In Ironman triathlon, Lepers and Maffiuletti showed that the best Ironman triathlon race times at the Ironman Hawaii were achieved by athletes between 25 and 39 years of age for both genders [8]. Further studies showed that master triathletes (i.e., triathletes older than 40 years of age) improved their Ironman triathlon performance over the last two decades, while younger triathletes seemed to have reached limits in their Ironman triathlon performance [9, 10]. However, data on the age of peak performance for Ironman triathletes are lacking.

Gender differences in performance received considerable attention in recent decades. Several studies analyzed the differences in performance between the sexes in different disciplines, mainly running over different distances [5, 11, 12]. Over the past four decades, female participation in endurance events increased considerably, and during the same period, their endurance performances improved substantially [6, 13]. These improvement rates exceeded those of men, leading to the hypothesis that gender difference would disappear in the future [14]. Moreover, it has been suggested that this difference should disappear in running as the distance increases, particularly beyond the marathon distance, because of advantages in fuel utilization and a greater fatigue resistance in women compared to men [15]. However, recent studies showed that gender difference in performance has plateaued [16], and longer distances were associated with greater gender differences in performance [12]. The 10%–15% gender difference in performance seems to be of biological origin as male endurance athletes possess larger aerobic capacity [17] and greater muscular strength [16].

The Ironman triathlon covering 3.8-km swimming, 180-km cycling, and 42-km running is one of the most challenging ultra-endurance events, and it represents an excellent model for examining the age of peak performance of endurance athletes and gender difference in endurance performance [8, 18]. Lepers analyzed the performances of triathletes and gender differences at the Ironman Triathlon World Championship in Hawaii, USA, from 1981 to 2007 [18]. The gender difference in overall performance was approximately 13% and appeared smaller for swimming than for cycling or running.
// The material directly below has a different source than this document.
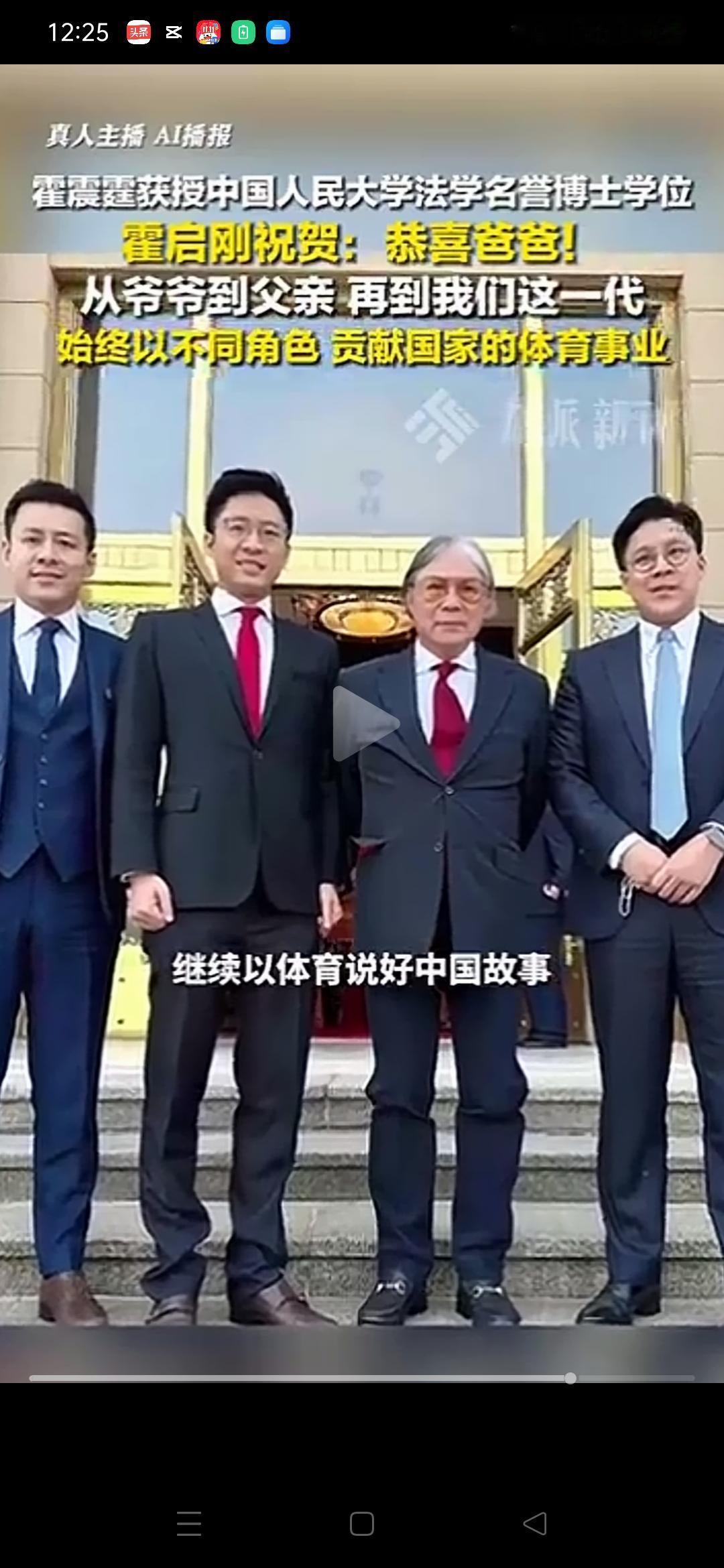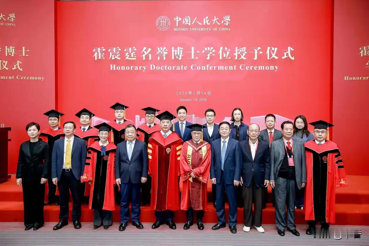 为什么不是北大、清华,而是中国人民大学? 79岁的霍震霆,穿着一身大红色博士服,头戴学位帽,精神抖擞的站在台上,手里接过中国人民大学法学名誉博士学位证书的时候,我们都为霍家高兴!爱国者,祖国不会忘记! 中国人民大学能有这个行动,让人佩服!为什么不是北大、清华呢?我们希望中国的一流大学,都要反思,都是考虑,怎么能为祖国强大而做出应有的贡献。 香港霍震霆 霍震霆全家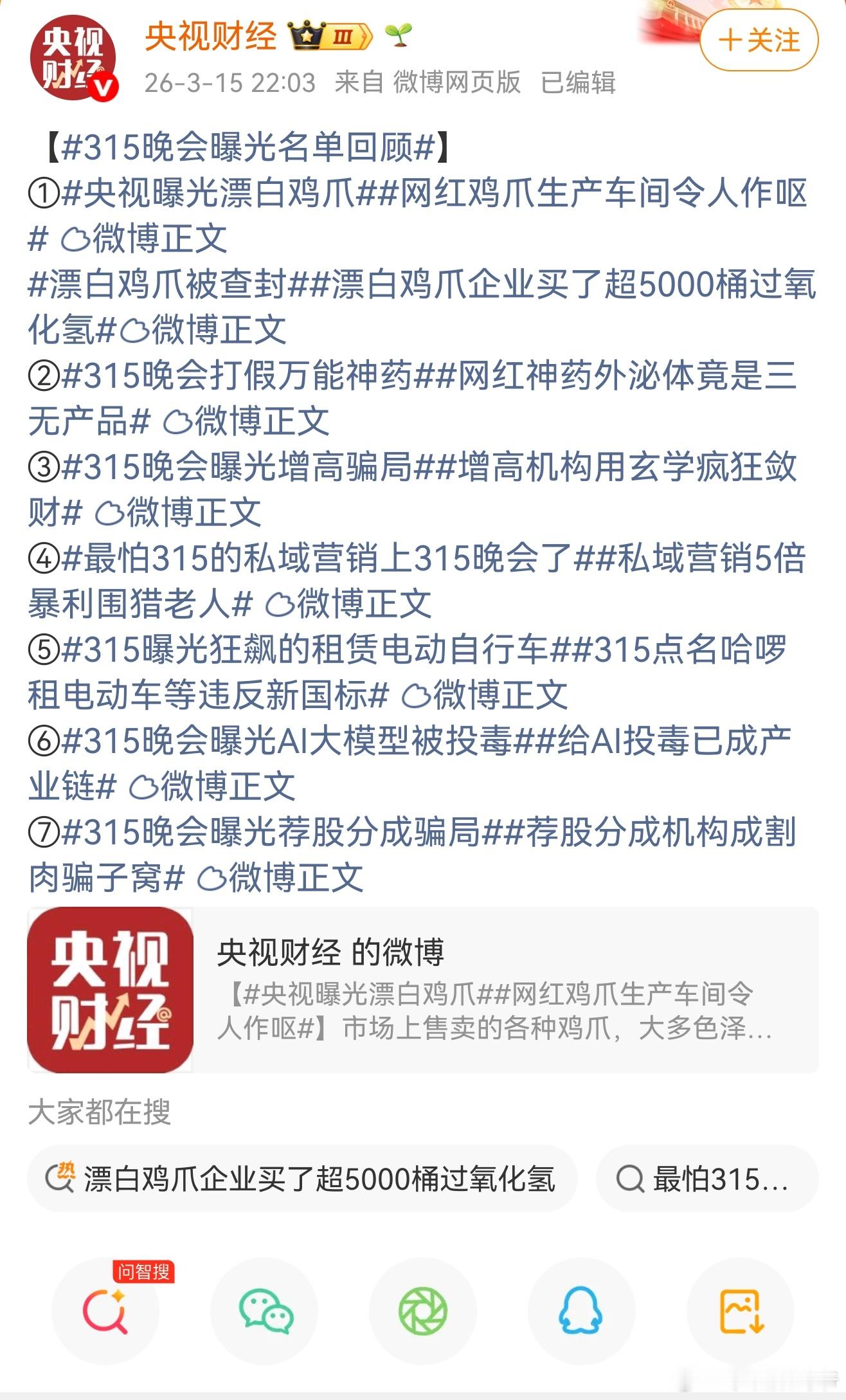 315晚会曝光名单回顾看了下,没有手机和车企,看来大家做的都不错

Over the last two decades, gender differences remained quite stable, except for running, where females tended to reduce the gap in the marathon part of the Ironman.
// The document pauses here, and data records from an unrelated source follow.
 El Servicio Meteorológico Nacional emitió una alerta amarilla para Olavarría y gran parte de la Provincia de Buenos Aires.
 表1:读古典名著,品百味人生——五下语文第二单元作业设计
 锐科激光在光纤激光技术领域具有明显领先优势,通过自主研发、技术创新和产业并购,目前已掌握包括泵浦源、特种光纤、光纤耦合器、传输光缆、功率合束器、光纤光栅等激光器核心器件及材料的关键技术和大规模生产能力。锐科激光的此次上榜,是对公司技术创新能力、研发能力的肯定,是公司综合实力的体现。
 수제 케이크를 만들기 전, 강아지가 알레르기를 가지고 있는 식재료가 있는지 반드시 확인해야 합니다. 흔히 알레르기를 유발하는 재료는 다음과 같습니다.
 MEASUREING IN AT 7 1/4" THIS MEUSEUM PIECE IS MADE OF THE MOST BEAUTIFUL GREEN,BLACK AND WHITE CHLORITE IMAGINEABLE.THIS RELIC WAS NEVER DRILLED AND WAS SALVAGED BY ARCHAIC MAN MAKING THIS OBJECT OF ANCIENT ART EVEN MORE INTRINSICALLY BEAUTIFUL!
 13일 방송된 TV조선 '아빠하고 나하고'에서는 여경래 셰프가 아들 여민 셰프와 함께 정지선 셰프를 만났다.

For Ironman triathletes, the exact age of peak performance is not known. In Ironman Hawaii, the fastest age groups in men were 30–34 and 35–39 years, and 25–29 and 30–34 years for women [8]. For triathletes competing in distances longer than the Ironman distance such as the Triple Iron ultra-triathlon (11.4-km swimming, 540-km cycling, and 126.6-km running) and the Deca Iron ultra-triathlon (38-km swimming, 1,800-km cycling, and 422-km running), the mean age of finishers was significantly higher for Deca Iron ultra-triathletes (41.3 ± 3.1 years) compared to Triple Iron ultra-triathletes (38.5 ± 3.3 years) [19]. For both ultra-distances, the fastest overall race times were achieved between 25 and 44 years. Considering existing results for the difference in the age of peak performance for ultra-endurance athletes [4, 6], we may expect that female and male Ironman triathletes peak at a different age.

The aims of the present study were, firstly, to investigate in a cross-sectional analysis the age of peak Ironman performance within one calendar year in all qualifiers for Ironman Hawaii and Ironman Hawaii; secondly, to determine in a longitudinal analysis on a qualifier for Ironman Hawaii whether the age of peak Ironman performance and Ironman performance itself change across years; and thirdly, to determine gender difference in performance. Data from 20 Ironman races held in 2010 were analyzed cross sectionally, and data from Ironman Switzerland as a qualifier for Ironman Hawaii held between 1995 and 2010 were analyzed longitudinally. We hypothesized firstly that female Ironman triathletes would reach peak performance at a lower age compared to male Ironman triathletes. Secondly, we expected that the age of peak Ironman performance would remain unchanged across years, and thirdly, the gender difference in performance would be different between the three disciplines and change across years.

Methods

For the longitudinal analysis of a potential change in the age of peak Ironman performance, the age of the annual top ten female and male finishers in a qualifier for Ironman Hawaii was determined in Ironman Switzerland between 1995 and 2010. For the cross-sectional analysis of the age of peak Ironman performance, the age of the top ten finishers for all qualifier races for Ironman Hawaii and Ironman Hawaii was determined in 2010. The study was approved by the Institutional Review Board of St. Gallen, Switzerland, with a waiver for the requirement of an informed consent given that the study involved the analysis of publicly available data.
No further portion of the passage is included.